TASK DESCRIPTION: After the line containing "For today’s drawing", write nothing more; before it, reproduce every line of the material below exactly, starting with the first.

GIVEN DATA:
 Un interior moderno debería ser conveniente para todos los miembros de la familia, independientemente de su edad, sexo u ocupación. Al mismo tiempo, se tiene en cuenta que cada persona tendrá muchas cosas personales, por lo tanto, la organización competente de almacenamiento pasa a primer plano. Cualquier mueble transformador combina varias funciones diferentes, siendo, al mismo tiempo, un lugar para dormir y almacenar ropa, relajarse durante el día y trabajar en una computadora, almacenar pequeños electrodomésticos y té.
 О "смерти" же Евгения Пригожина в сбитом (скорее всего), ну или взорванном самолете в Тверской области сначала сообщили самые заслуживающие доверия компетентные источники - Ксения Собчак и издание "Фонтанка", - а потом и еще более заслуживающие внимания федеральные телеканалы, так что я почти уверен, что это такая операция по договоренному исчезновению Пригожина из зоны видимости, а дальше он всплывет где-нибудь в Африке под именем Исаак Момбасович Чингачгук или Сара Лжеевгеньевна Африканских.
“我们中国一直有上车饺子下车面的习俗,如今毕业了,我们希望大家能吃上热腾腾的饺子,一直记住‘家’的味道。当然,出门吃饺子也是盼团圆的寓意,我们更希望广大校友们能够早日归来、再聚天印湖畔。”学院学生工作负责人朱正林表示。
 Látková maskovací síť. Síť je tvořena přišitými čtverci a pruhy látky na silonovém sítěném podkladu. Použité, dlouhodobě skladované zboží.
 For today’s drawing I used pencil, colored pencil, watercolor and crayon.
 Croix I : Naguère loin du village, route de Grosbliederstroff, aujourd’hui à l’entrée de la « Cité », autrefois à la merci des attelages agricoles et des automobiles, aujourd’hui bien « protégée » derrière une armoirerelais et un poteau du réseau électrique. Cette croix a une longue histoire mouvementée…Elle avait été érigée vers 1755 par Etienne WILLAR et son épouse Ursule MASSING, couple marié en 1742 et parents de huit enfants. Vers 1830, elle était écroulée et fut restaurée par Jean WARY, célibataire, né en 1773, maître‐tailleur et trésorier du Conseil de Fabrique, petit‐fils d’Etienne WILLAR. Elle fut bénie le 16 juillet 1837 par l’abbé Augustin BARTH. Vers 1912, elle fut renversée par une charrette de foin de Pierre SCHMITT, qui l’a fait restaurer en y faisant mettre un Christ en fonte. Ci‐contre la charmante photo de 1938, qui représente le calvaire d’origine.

WRITTEN ANSWER:
 Un interior moderno debería ser conveniente para todos los miembros de la familia, independientemente de su edad, sexo u ocupación. Al mismo tiempo, se tiene en cuenta que cada persona tendrá muchas cosas personales, por lo tanto, la organización competente de almacenamiento pasa a primer plano. Cualquier mueble transformador combina varias funciones diferentes, siendo, al mismo tiempo, un lugar para dormir y almacenar ropa, relajarse durante el día y trabajar en una computadora, almacenar pequeños electrodomésticos y té.
 О "смерти" же Евгения Пригожина в сбитом (скорее всего), ну или взорванном самолете в Тверской области сначала сообщили самые заслуживающие доверия компетентные источники - Ксения Собчак и издание "Фонтанка", - а потом и еще более заслуживающие внимания федеральные телеканалы, так что я почти уверен, что это такая операция по договоренному исчезновению Пригожина из зоны видимости, а дальше он всплывет где-нибудь в Африке под именем Исаак Момбасович Чингачгук или Сара Лжеевгеньевна Африканских.
“我们中国一直有上车饺子下车面的习俗,如今毕业了,我们希望大家能吃上热腾腾的饺子,一直记住‘家’的味道。当然,出门吃饺子也是盼团圆的寓意,我们更希望广大校友们能够早日归来、再聚天印湖畔。”学院学生工作负责人朱正林表示。
 Látková maskovací síť. Síť je tvořena přišitými čtverci a pruhy látky na silonovém sítěném podkladu. Použité, dlouhodobě skladované zboží.
 For today’s drawing I used pencil, colored pencil, watercolor and crayon.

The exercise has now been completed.